Looking for suggestions on yoga for back pain? Give these expert-recommended asanas a try for gradual relief.
Our lives are way too sedentary now, especially post the pandemic. Long hours of Zoom meetings and furiously typing those emails, while managing household chores has been rather hard, leaving us with barely any time to move our bodies. No wonder, sciatica pain has become a huge problem. Every other person complains of shooting pain in the back, so what do we really do? Well, just like other health issues, you can leverage the power of yoga for back pain.
In her recent Instagram post, fitness expert Juhi Kapoor has shared a few tips to deal with sciatica pain:
1. Sitting long hours in one position should be avoided. One should take a quick stroll in intervals and maintain movement.
2. It is also important to maintain a good exercise regime, which is suitable for sciatica. This can greatly help in dealing with the trouble.
3. Maintaining the right weight for the individual is important, in order to avoid any kind of chronic pain.
4. Breathing exercises and meditation can also help in dealing with the trouble. But you need to have a positive approach to see any results.
Here are some yoga poses for back pain:
These poses are also helpful to deal with poor posture, to reduce lower back pain and to help improve body posture, along with mood swings.
1. Sphinx pose
* Lie on your belly, with your legs on the side.
* Your tailbone should be toward your pubis and lengthen it toward your heels.
* Rotate your thighs inward by rolling your outer thighs towards the floor.
* Lengthen your lower back and sacrum.
* Reach actively with your toes toward the wall behind you.
* Your buttocks should be firm but not clenched.
* Place your elbows under your shoulders and your forearms.
* Inhale and lift your torso, and head away from the floor into a mild backbend.

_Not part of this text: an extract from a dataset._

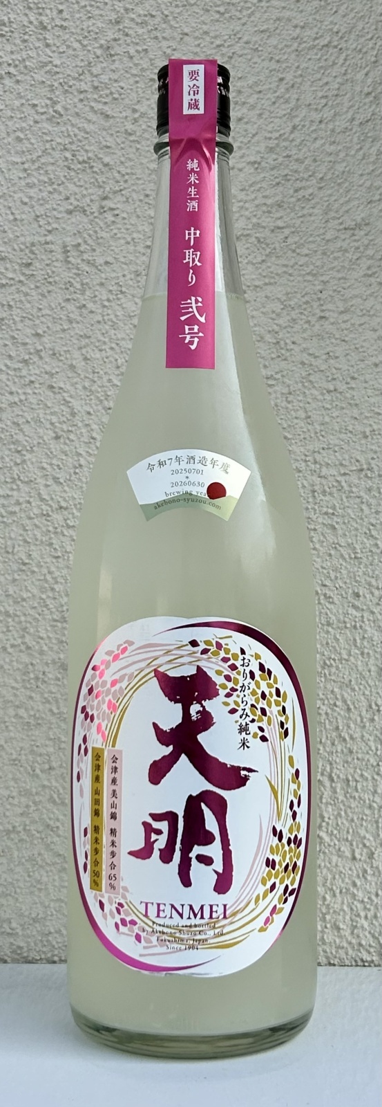 天明 中取り弐号 純米 おりがらみ生酒 1.8L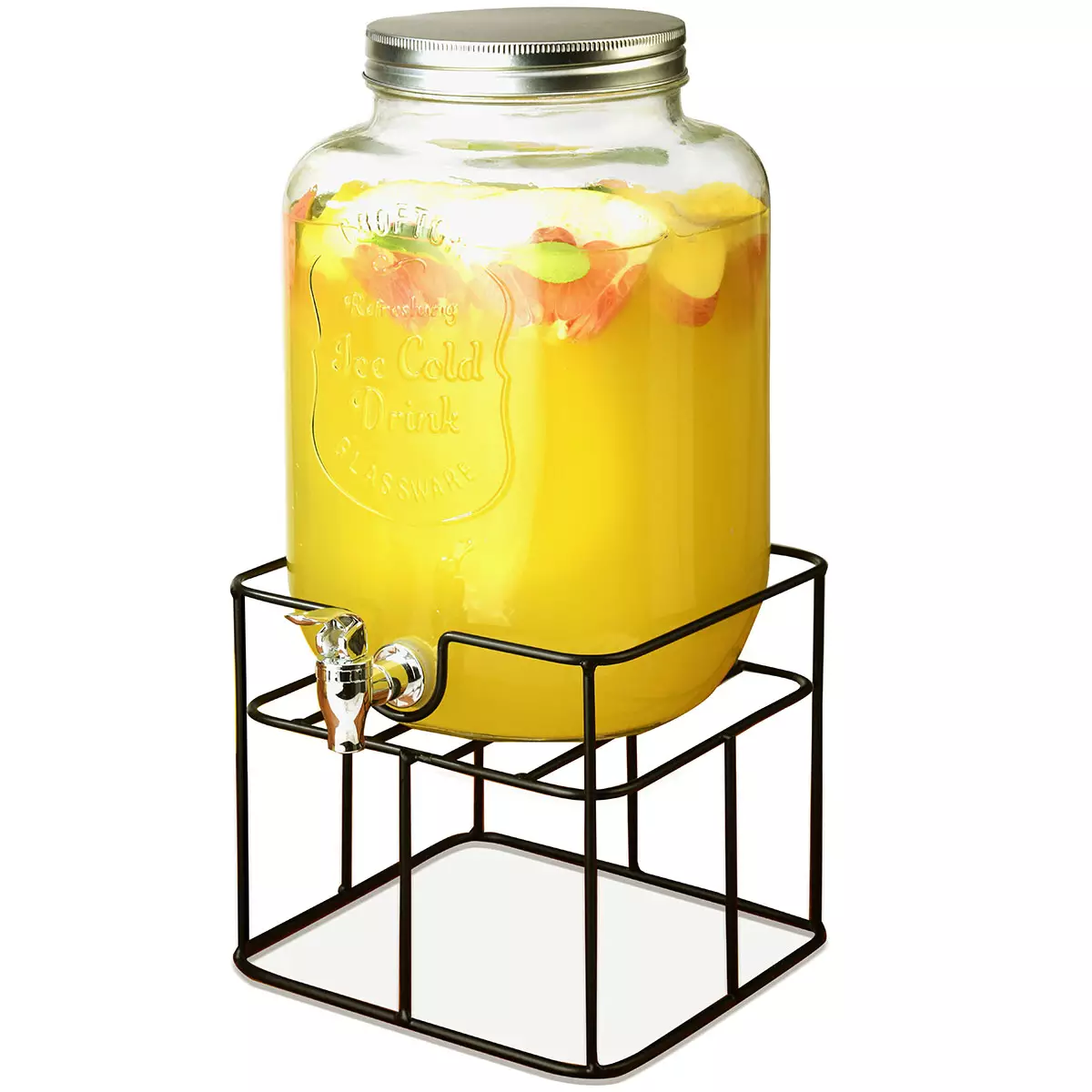 Lasinen juoma-annostelija toimii myös osana somistusta: lisää juomaan sitruunaviipaleita, minttua tai marjoja, ja astia muuntuu houkuttelevaksi juomakoristeeksi.

* Stay like this for a few breaths, exhale and slowly release your belly.
2. Sphinx garden pose
* Do the same steps as above.
* Keep lifting alternate legs 15-20 times.
3. Locust pose (static and dynamic)
* Hold each leg up for 15-20 seconds, after following the instructions of the sphinx pose.
Who should avoid these yoga poses for back pain?
* Anyone with lumbar or joint discomfort
* Avoid in case of cervical spondylitis
So ladies, make sure you practice these yoga poses regularly, in case you are looking to keep sciatica pain at bay!